The data below:

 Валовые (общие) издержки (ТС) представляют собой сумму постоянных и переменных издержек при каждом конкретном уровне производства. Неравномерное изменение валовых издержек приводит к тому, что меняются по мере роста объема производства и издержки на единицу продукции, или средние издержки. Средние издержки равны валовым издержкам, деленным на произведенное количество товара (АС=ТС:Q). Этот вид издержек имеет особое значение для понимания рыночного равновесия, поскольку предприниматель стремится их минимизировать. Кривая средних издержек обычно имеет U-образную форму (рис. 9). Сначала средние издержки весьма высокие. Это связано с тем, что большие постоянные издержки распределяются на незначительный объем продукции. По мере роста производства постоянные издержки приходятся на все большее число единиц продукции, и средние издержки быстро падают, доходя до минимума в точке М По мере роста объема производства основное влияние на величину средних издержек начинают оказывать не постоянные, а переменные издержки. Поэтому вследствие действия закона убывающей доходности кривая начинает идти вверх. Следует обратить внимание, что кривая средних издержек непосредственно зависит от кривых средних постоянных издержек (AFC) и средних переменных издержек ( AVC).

End of The data.
The data below:

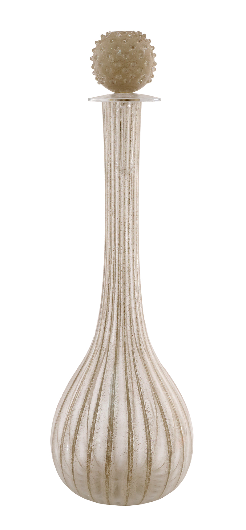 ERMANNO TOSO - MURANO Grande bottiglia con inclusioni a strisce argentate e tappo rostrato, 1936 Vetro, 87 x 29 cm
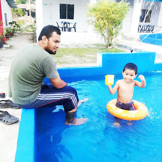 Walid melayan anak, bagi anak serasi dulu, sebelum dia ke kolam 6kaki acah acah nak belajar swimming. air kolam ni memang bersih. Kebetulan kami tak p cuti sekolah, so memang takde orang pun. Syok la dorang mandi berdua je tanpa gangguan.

End of The data.

--- Exercise requirements ---
Only the lines above from the one with "ERMANNO TOSO - MURANO" to the one with "Walid melayan anak, bagi" should be printed, both included and exactly as written; no picture belongs in the copy.

--- Task response ---
 ERMANNO TOSO - MURANO Grande bottiglia con inclusioni a strisce argentate e tappo rostrato, 1936 Vetro, 87 x 29 cm
 Walid melayan anak, bagi anak serasi dulu, sebelum dia ke kolam 6kaki acah acah nak belajar swimming. air kolam ni memang bersih. Kebetulan kami tak p cuti sekolah, so memang takde orang pun. Syok la dorang mandi berdua je tanpa gangguan.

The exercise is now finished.